An exact repeat is needed of the lines from the one with "按照题主的配方,烤箱第一次发" through the last line of the data below. Please omit the pictures.

○ ○ ○ ○ ○ ○ ○

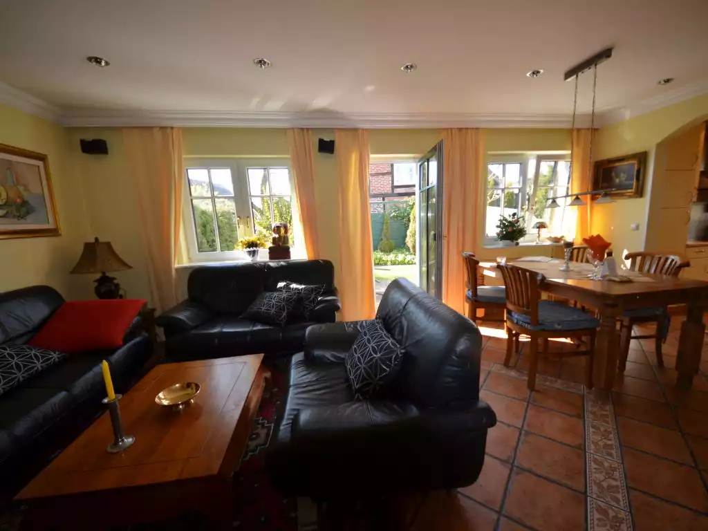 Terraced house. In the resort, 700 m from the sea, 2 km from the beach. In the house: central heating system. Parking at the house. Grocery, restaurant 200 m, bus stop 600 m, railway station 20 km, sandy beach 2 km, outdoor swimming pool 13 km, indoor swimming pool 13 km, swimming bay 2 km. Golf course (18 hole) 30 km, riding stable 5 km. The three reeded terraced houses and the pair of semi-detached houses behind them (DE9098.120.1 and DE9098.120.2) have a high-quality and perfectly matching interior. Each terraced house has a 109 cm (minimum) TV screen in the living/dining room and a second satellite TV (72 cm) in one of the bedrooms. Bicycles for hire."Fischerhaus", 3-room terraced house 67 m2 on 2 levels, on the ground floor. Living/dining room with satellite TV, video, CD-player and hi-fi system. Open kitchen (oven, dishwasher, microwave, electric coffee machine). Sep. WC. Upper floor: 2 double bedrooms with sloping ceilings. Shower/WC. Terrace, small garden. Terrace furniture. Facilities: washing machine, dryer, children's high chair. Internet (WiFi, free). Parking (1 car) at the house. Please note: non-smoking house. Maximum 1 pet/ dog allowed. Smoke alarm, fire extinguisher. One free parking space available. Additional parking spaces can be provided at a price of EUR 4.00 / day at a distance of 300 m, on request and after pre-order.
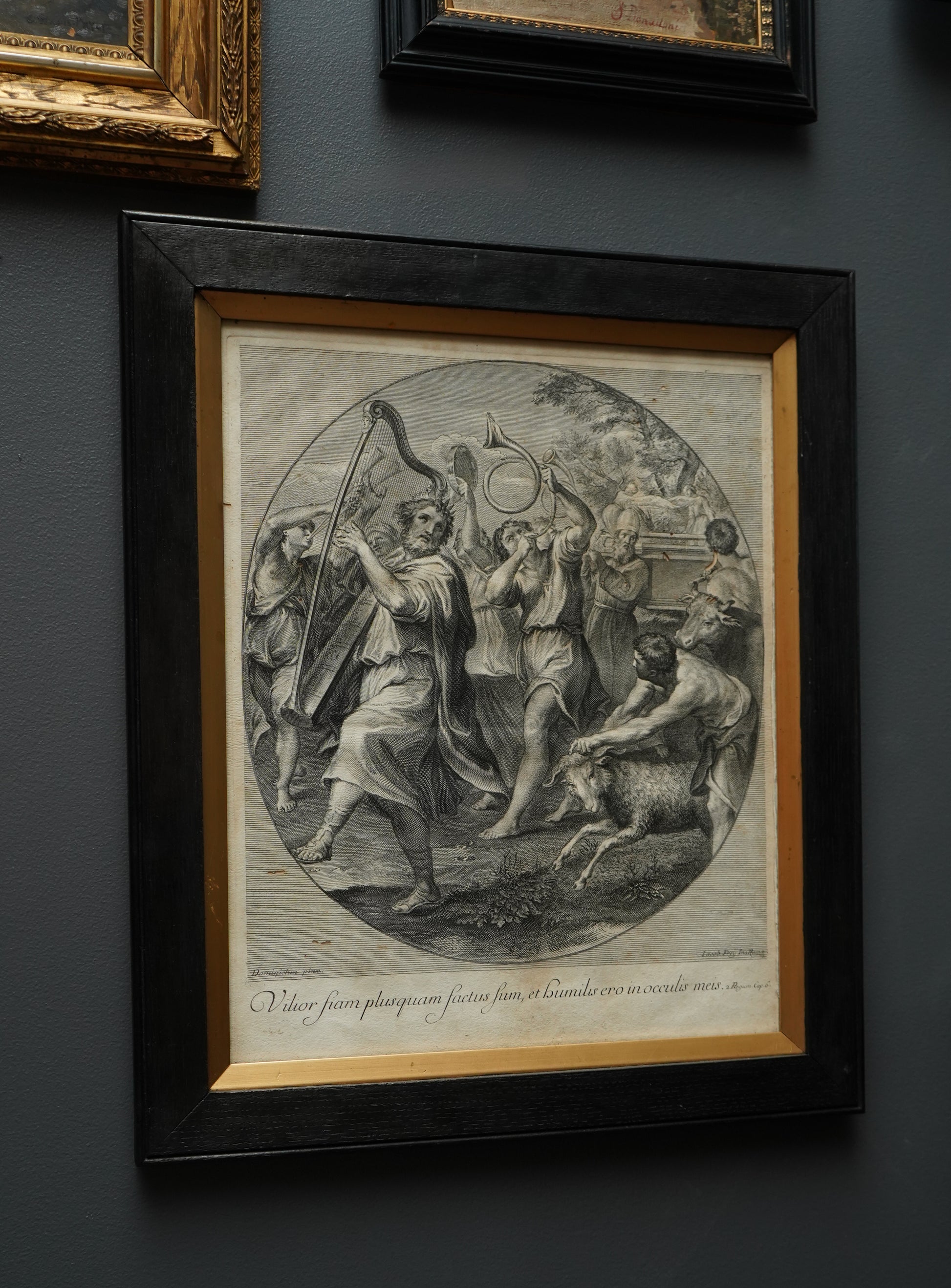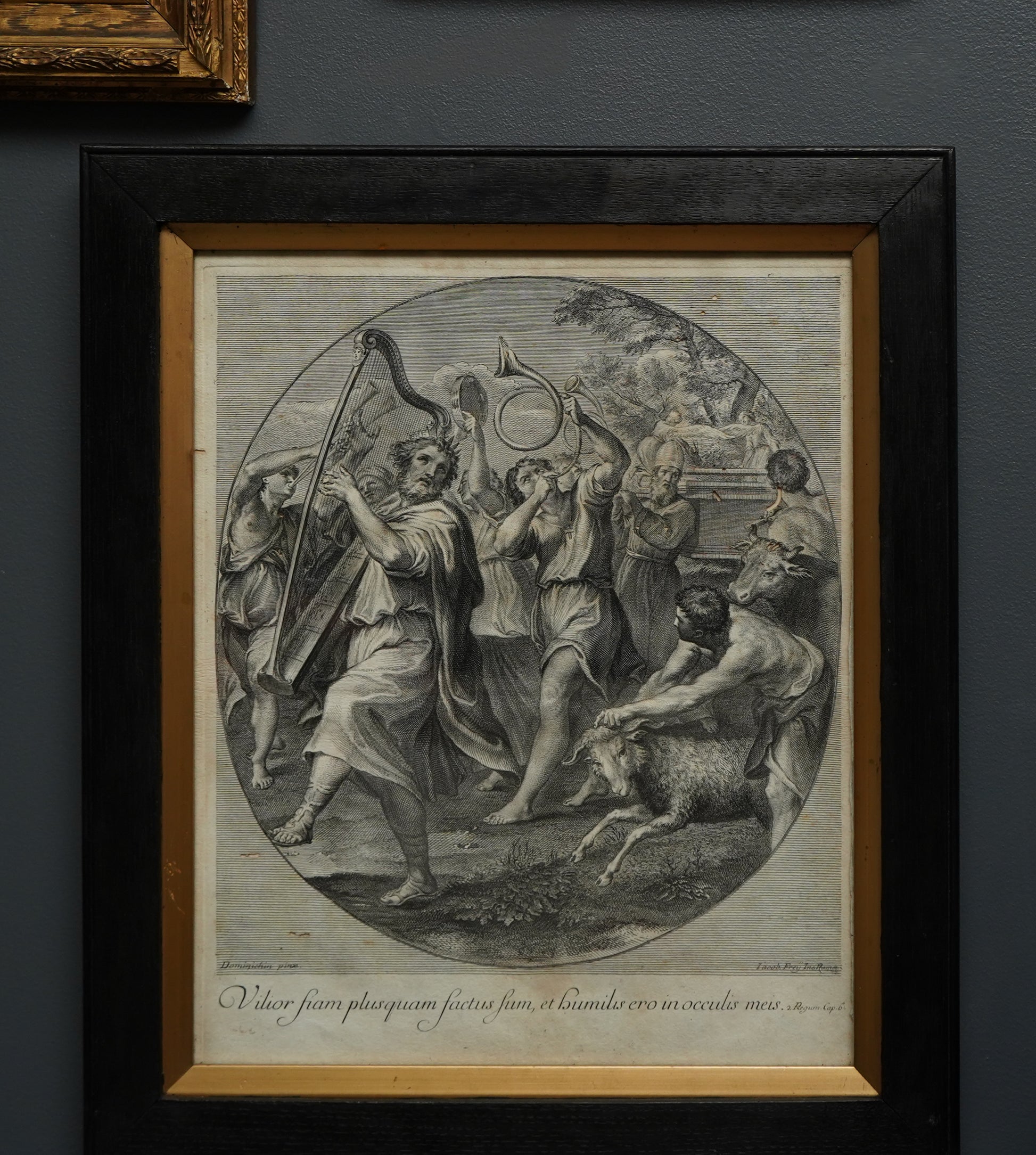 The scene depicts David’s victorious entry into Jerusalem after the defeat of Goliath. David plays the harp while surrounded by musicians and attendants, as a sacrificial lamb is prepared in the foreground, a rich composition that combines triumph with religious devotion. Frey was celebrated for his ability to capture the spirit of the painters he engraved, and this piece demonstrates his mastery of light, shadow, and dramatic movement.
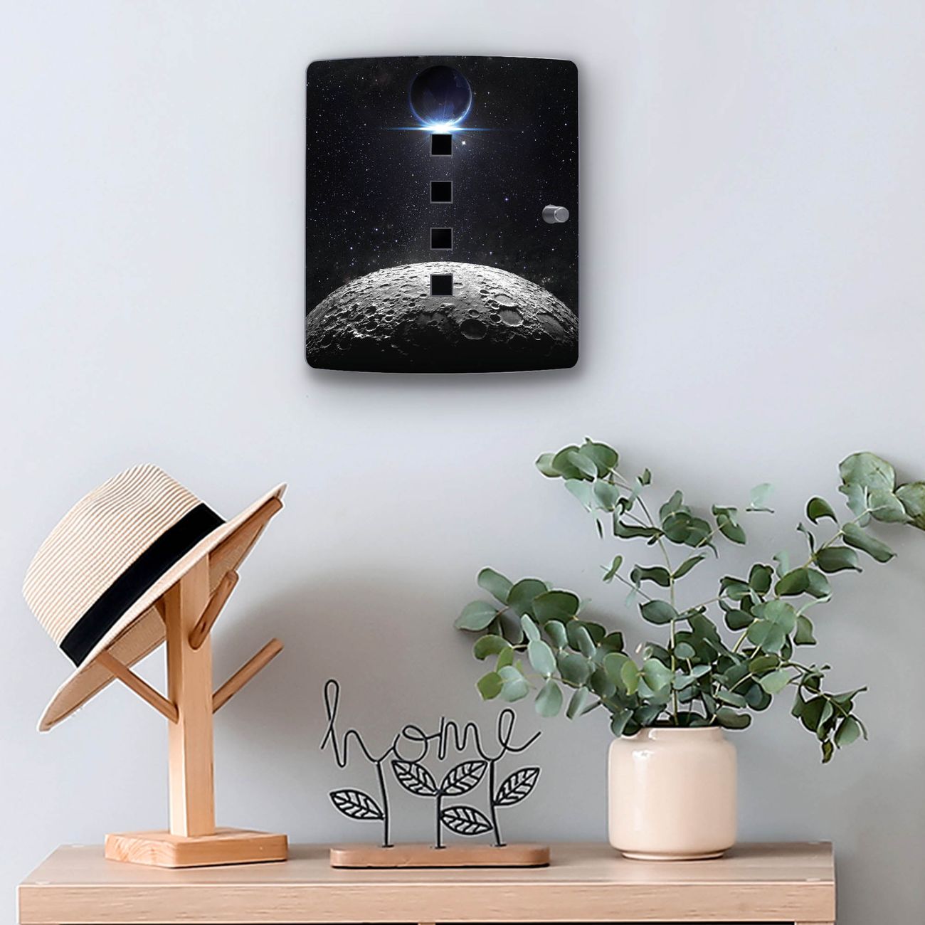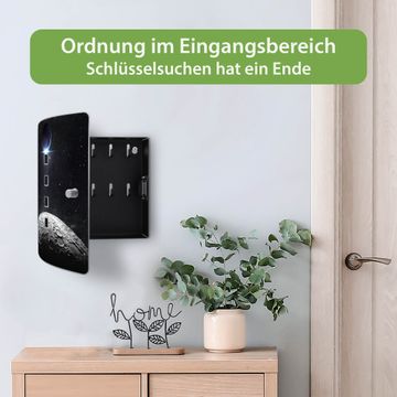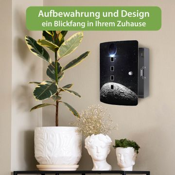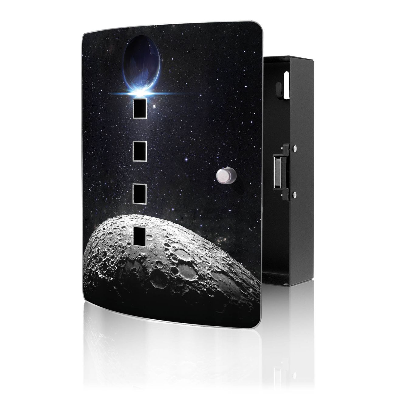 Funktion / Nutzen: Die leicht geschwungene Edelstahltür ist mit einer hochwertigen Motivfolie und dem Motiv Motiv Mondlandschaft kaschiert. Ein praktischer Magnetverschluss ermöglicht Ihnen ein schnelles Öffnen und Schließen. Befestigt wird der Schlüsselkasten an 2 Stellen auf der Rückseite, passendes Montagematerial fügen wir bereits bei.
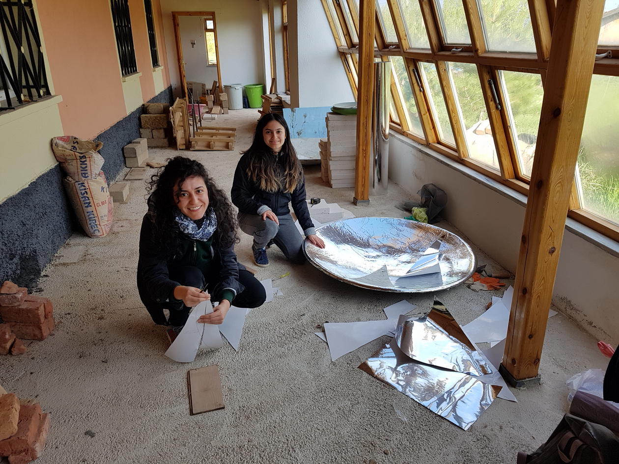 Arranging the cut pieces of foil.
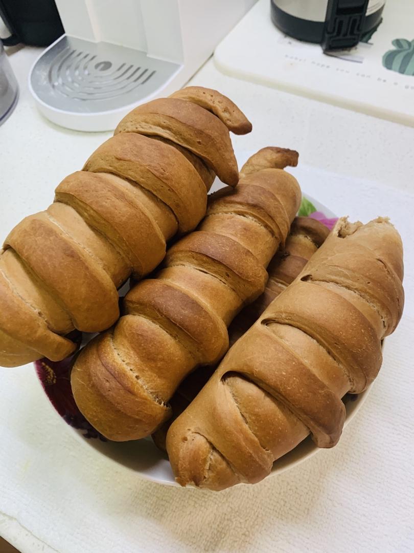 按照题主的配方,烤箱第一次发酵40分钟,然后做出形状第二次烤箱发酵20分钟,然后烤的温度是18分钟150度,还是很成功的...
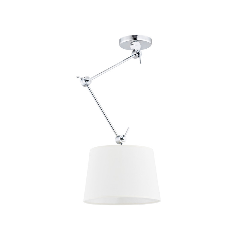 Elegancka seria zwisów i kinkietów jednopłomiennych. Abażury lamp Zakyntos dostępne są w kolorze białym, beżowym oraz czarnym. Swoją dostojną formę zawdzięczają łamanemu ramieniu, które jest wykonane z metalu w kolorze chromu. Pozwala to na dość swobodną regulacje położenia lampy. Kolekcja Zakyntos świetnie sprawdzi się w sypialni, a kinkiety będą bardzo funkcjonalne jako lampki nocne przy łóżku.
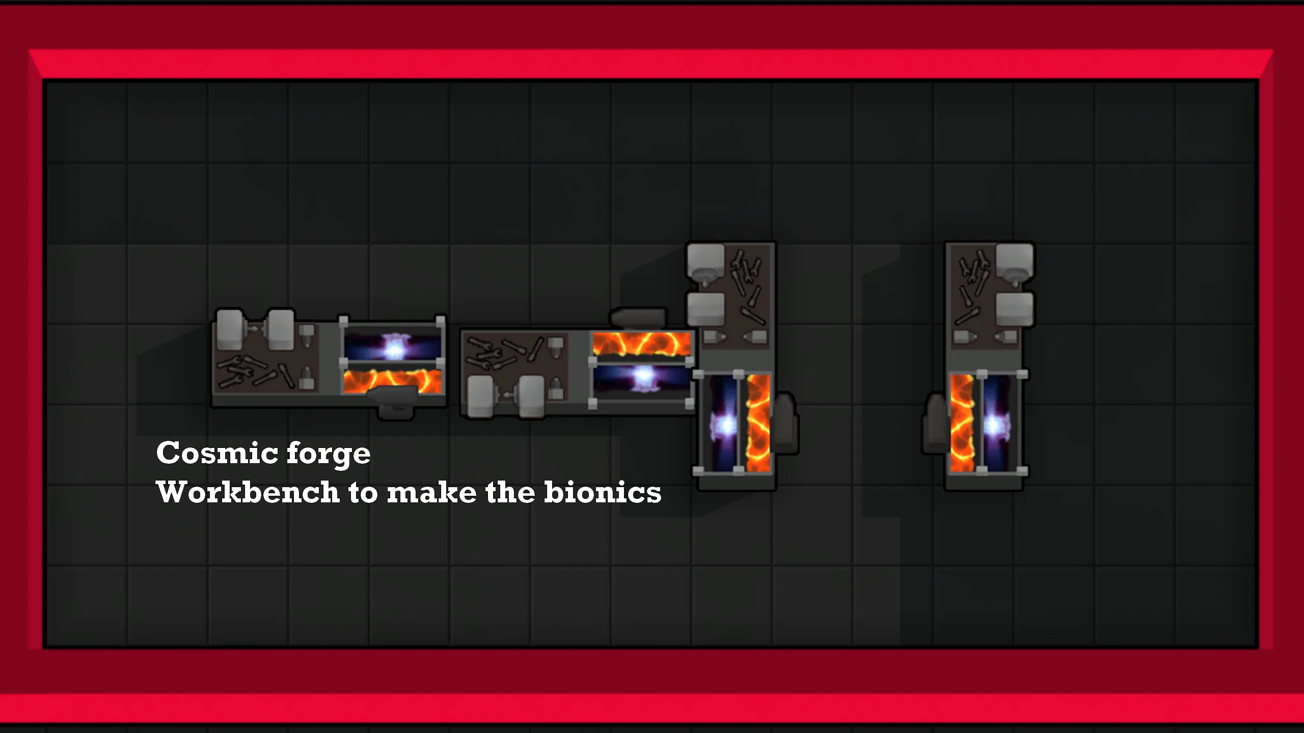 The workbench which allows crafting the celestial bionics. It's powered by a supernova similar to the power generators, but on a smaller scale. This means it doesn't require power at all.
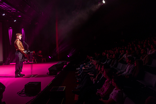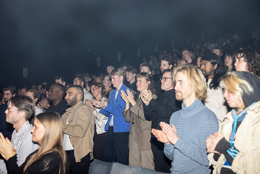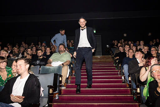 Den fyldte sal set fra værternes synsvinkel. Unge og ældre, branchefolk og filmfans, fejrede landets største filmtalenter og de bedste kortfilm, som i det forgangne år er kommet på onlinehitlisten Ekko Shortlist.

○ ○ ○ ○ ○ ○ ○

• [ANSWER TO THIS PROBLEM]
 按照题主的配方,烤箱第一次发酵40分钟,然后做出形状第二次烤箱发酵20分钟,然后烤的温度是18分钟150度,还是很成功的...
 Elegancka seria zwisów i kinkietów jednopłomiennych. Abażury lamp Zakyntos dostępne są w kolorze białym, beżowym oraz czarnym. Swoją dostojną formę zawdzięczają łamanemu ramieniu, które jest wykonane z metalu w kolorze chromu. Pozwala to na dość swobodną regulacje położenia lampy. Kolekcja Zakyntos świetnie sprawdzi się w sypialni, a kinkiety będą bardzo funkcjonalne jako lampki nocne przy łóżku.
 The workbench which allows crafting the celestial bionics. It's powered by a supernova similar to the power generators, but on a smaller scale. This means it doesn't require power at all.
 Den fyldte sal set fra værternes synsvinkel. Unge og ældre, branchefolk og filmfans, fejrede landets største filmtalenter og de bedste kortfilm, som i det forgangne år er kommet på onlinehitlisten Ekko Shortlist.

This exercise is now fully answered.